Kisada takes a dark road to reach his brilliant end, however. Although he is sworn to fight against the forces of the underworld, he makes alliance with them during the uncertainties of civil war (Wulf, Carman, and Mason 8). That he betrays his duty is an evil act whose evil is compounded by his alliance with literally demonic forces. The evilness is further marked by Kisada's actions towards his own children in the name of that alliance. The younger of his sons "is sacrificed and placed upon the Terrible Standard of Fu Leng," and the elder "is forced to lend his name to an oni," binding his soul to a demon from the darkest pits of hell (33). It cannot be called good when a person slays one son and parades his body as a war-banner while selling the soul of the other son to a devil. Although it is certain that Wolverine commits evil deeds, his failings are as nothing compared to the depravity in which Kisada indulges. Because Hida Kisada exceeds Wolverine both in his degree of heroism and in the degree of evil he enacts before coming to that heroism, he stands as a superior example of an anti-hero.
That the lesser-known of the two characters is a clearer example of a character type than the better-known suggest that more widely disseminated ideas become less pronounced as they reach a larger audience. If the suggestion is accurate--and it will take more study to verify or deny it--it will have some decidedly negative implications for mass media.
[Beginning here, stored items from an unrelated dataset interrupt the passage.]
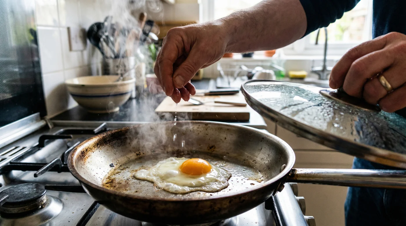 Ein ruhiger Sonntagmorgen. Das fahle Licht fällt durch das Küchenfenster, der Duft von frisch gemahlenem Kaffee mischt sich mit dem erdigen Aroma von geröstetem Sauerteigbrot. Die Butter knistert leise in deiner schweren gusseisernen Pfanne. Du schlägst ein Ei am Pfannenrand auf und lässt es zischend hineingleiten. Das Eiweiß breitet sich aus, die Ränder beginnen sofort zu bräunen und werfen kleine Blasen. Doch dann passiert es, wie so oft: Während der Boden bereits bedrohlich dunkel und knusprig wird, wabert auf der Oberseite noch eine durchscheinende, glibberige Schicht Eiweiß. Du wartest. Du reduzierst die Hitze. Nichts passiert. Schließlich greifst du hektisch zum Pfannenwender, versuchst das Ei in einem verzweifelten Akt zu wenden – und das Eigelb platzt. Ein goldenes Trauerspiel ergießt sich auf das raue Metall. Die Illusion vom perfekten, makellosen Hotel-Frühstück ist in Sekundenbruchteilen dahin.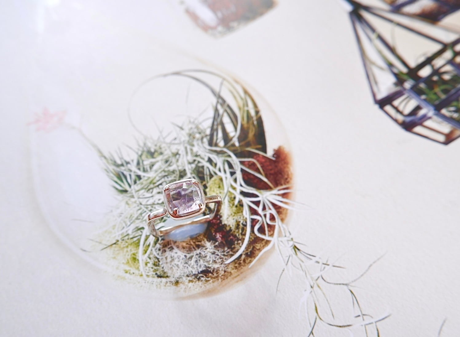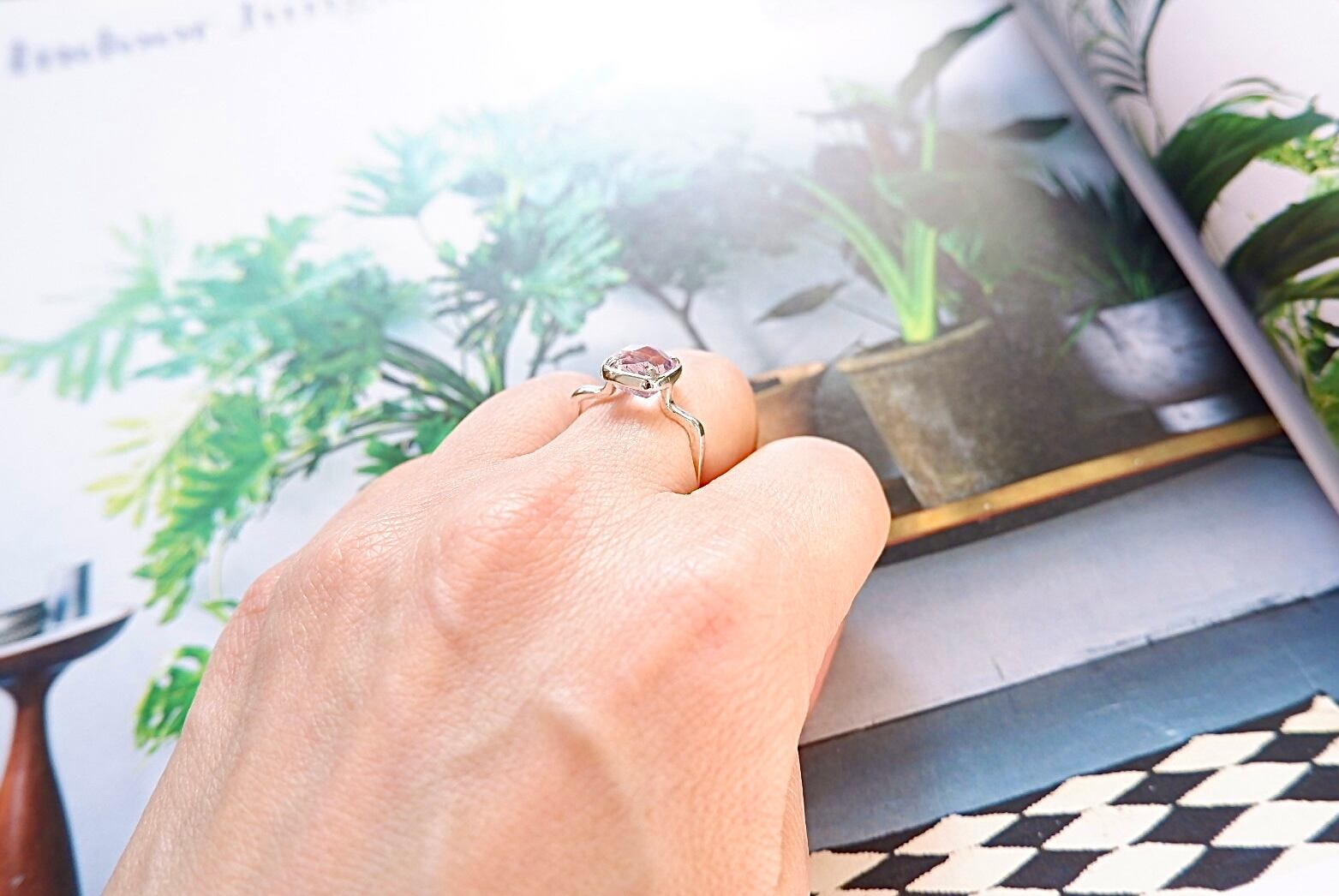 アメジストの透明感を最大限にを引き立てる枠に、四角形のリングを合わせたスタイリッシュなデザインで指先を美しく彩ります。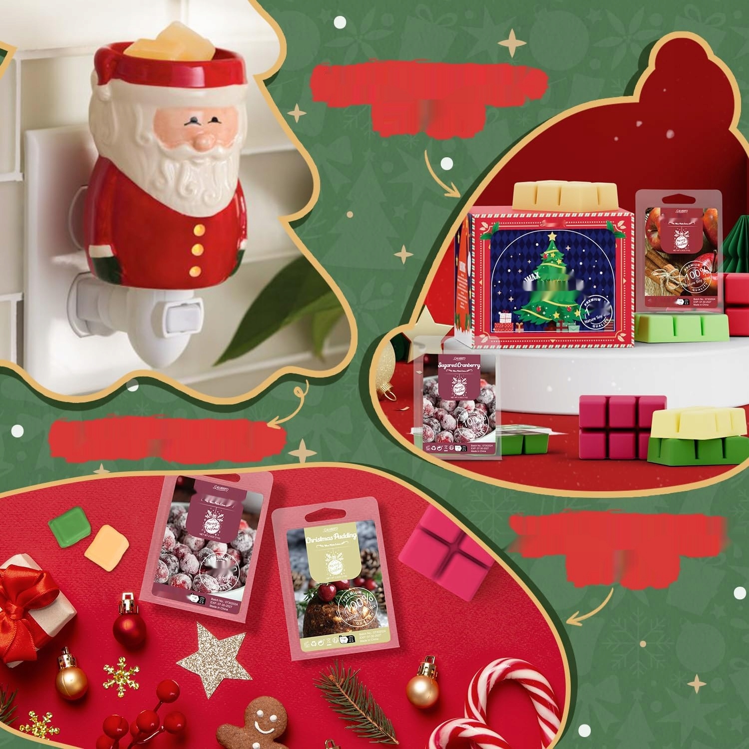 - Різноманітність ароматів: Містить вісім найпопулярніших сезонних ароматів, таких як різдвяна ялинка, імбирний пряник, яблуко з корицею, цукрова тростина, журавлина з цукром, омела, різдвяний пунш, різдвяний пудинг, шоколадний пиріг.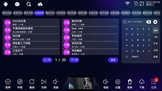 2. 播放操控:具备暂停、伴唱与原唱切换、重唱、歌曲切换、音量调控、降调及升调等功能,可灵活调节演唱状态。
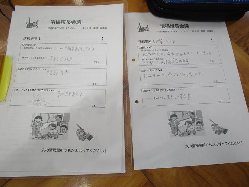 本校は旧1~3学期に合わせて、年3回清掃班が変わります。この夏休み明けで新たに清掃場所が変わるので、業間を利用して今年度2回目の清掃班長会議を実施しました。4月~9月までの自身の清掃場所の様子を振り返ること、次の班長にその内容を伝達することがねらいです。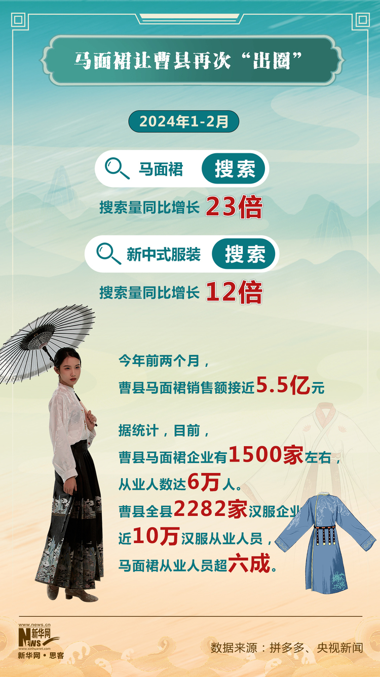 以山东曹县为例,此次马面裙的火爆已经是曹县的二次“出圈”。继上次汉服走红全网之后,马面裙再给这个小县城带来了一波流量和收入。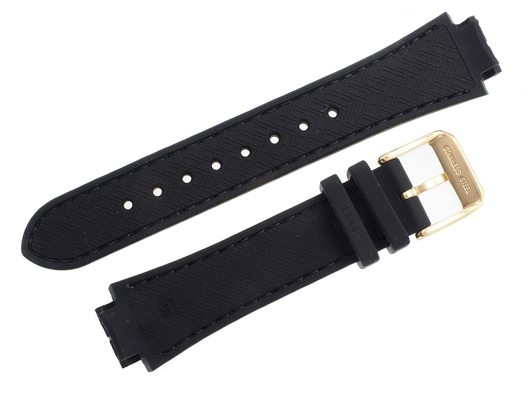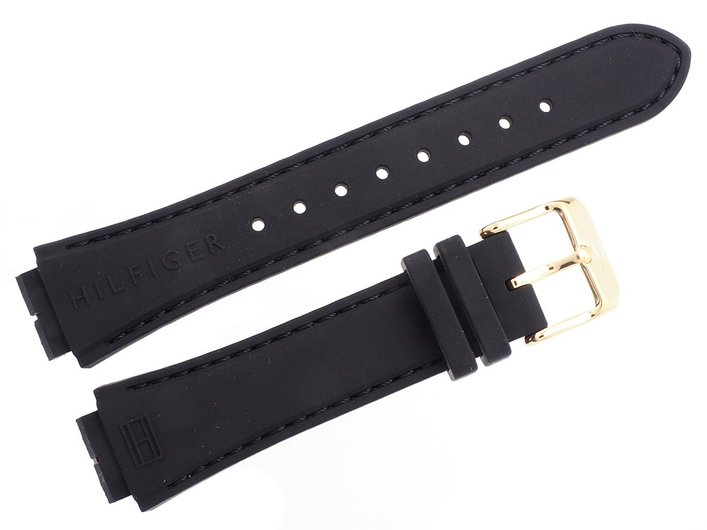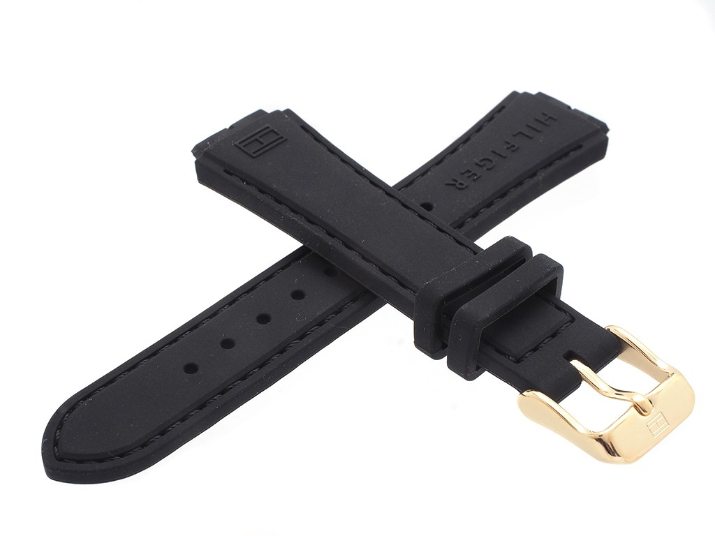 Oryginalny pasek do zegarka marki Tommy Hilfiger do modelu TH1781313, silikonowy w kolorze czarnym, sprzączka wykonana ze stali nierdzewnej w kolorze złotym połysk z logo marki. Na pasku napis Hilfiger i logo marki.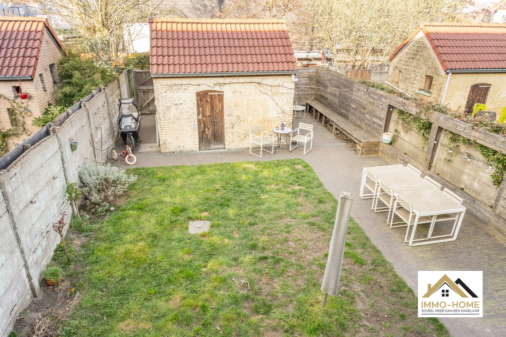 Schrijf u inDeze bijzondere woning is gelegen in een doodlopende straat aan de rand van Gentbrugge, en achter de op het eerste zicht standaard stadsgevel gaat een bijzonder verhaal schuil. Je komt binnen in een open leefruimte, waar het hoge plafond voor een extra ruimtelijk gevoel zorgt. De keuken bevindt zich een paar trapjes lager, en deze biedt uitzicht op de mooie stadstuin. Net naast de keuken is er een eerste badkamer, met ook een hoekje voor het gastentoilet. Hier bevindt zich ook de toegang tot de zeer ruime kelder, waar eveneens de aansluitingen voor de wasmachine en dergelijke voorhanden zijn. Op de eerste tussenverdieping komen we in een heel toffe master bedroom, waar het hoge plafond onder het dak voor een speciale dimensie zorgt. Ook deze kijkt uit op de tuin. Verderop komen we in een tweede ruime slaapkamer, met authentieke elementen die voor een aangename sfeer zorgen. Die vormen dan weer een mooi contrast met de tweede badkamer net ernaast. Deze is voorzien van zowel een ligbad als een grote inloopdouche, net zoals een tweede toilet en een grote dubbele lavabo. Bovenop dit alles komen we via een vaste trap tot op de zolderverdieping, met een derde slaapkamer én een derde badkamer (met ligbad en derde toilet). De gezellige tuin nodigt niet alleen uit om in met vrienden en familie van het buitenleven te genieten, hij is tevens via een aparte voetweg bereikbaar. Super handig met fietsen en dergelijke ! Extra opbergruimte is er in de authentieke tuinberging. Inschrijvingen voor bezoekdag via mail naar tommy@immo-home.be, geen telefonische inschrijvingen! Volg ons op Fb en Insta. Voor meer info: www.immo-home.be. GRATIS SCHATTING & GRATIS FINANCIEEL ADVIES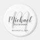 This magnet features personalized groomsmen's name in grey modern script font style and monogram in light grey modern script font style as background with title and wedding date in grey modern sans serif font style on white background.
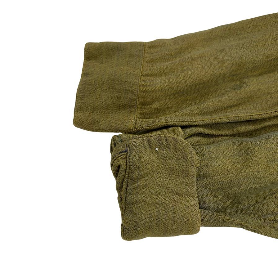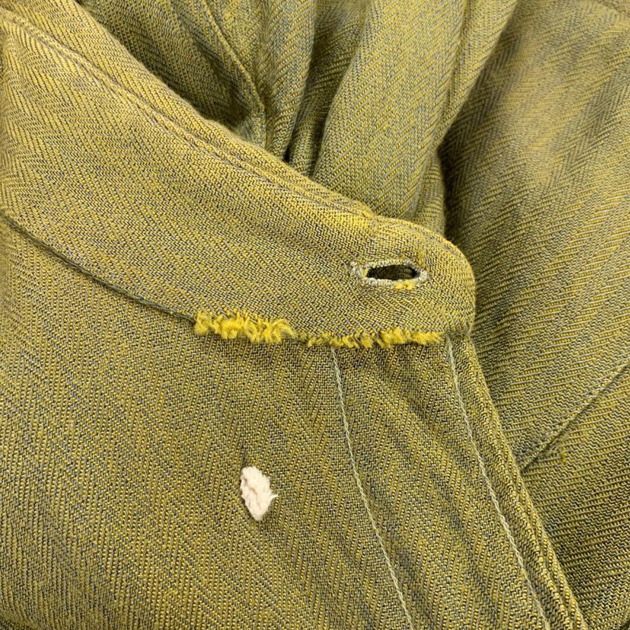 首後ろ部分・両袖カフスボタンホールダメージ、胸ポケット小傷、第3ボタン周り・裾裏汚れが見られます。 |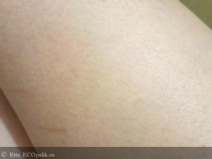 На фото выше - кожа после душа, но ДО применения скраба. Думаю, все понятно по фото. На фото ниже - необходимое количество скраба на 1 бедро + примерно половина от этой порции требуется на голень. Так что скраб довольно экономичен.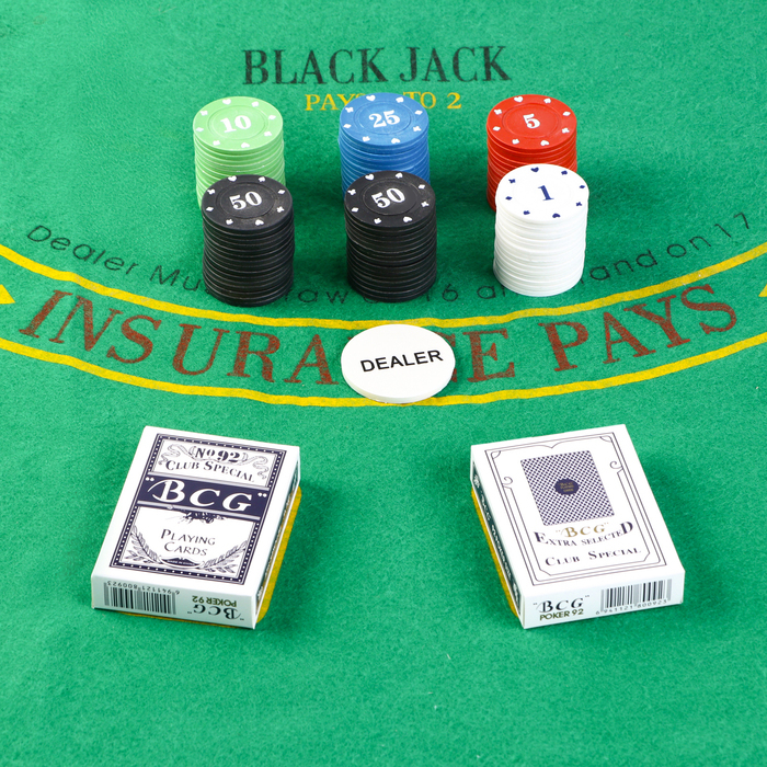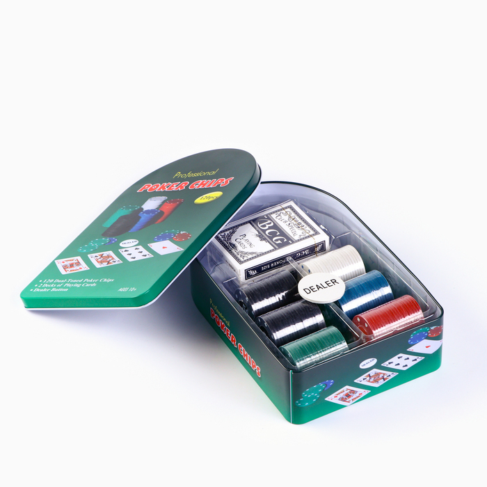 Покер, набор для игры (карты 2 колоды, фишки 120 шт.), с номиналом, 57 х 40 см

~Carman, Shawn, et al. The Vacant Throne. Alderac Entertainment Group, n.d. Print.
~Coleite, Aron E. Absolute Power. Ultimate X-Men 19. N. pag. New York: Marvel, 2008. Print.
~Millar, Mark. Return of the King. Ultimate X-Men 6. N. pag. New York: Marvel, 2005.
~---. Ultimate War. Ultimate X-Men 5. N. pag. New York: Marvel, 2005. Print.
~---. Ultimate X-Men 1. N. pag. New York: Marvel, 2003. Print.
~Vaux, Rob. The Way of the Crab. Five Rings Publishing, 1999. Print.
~Wulf, Rich, Shawn Carman, and Seth Mason. Time of the Void. Alderac Entertainment Group, 2001. Print.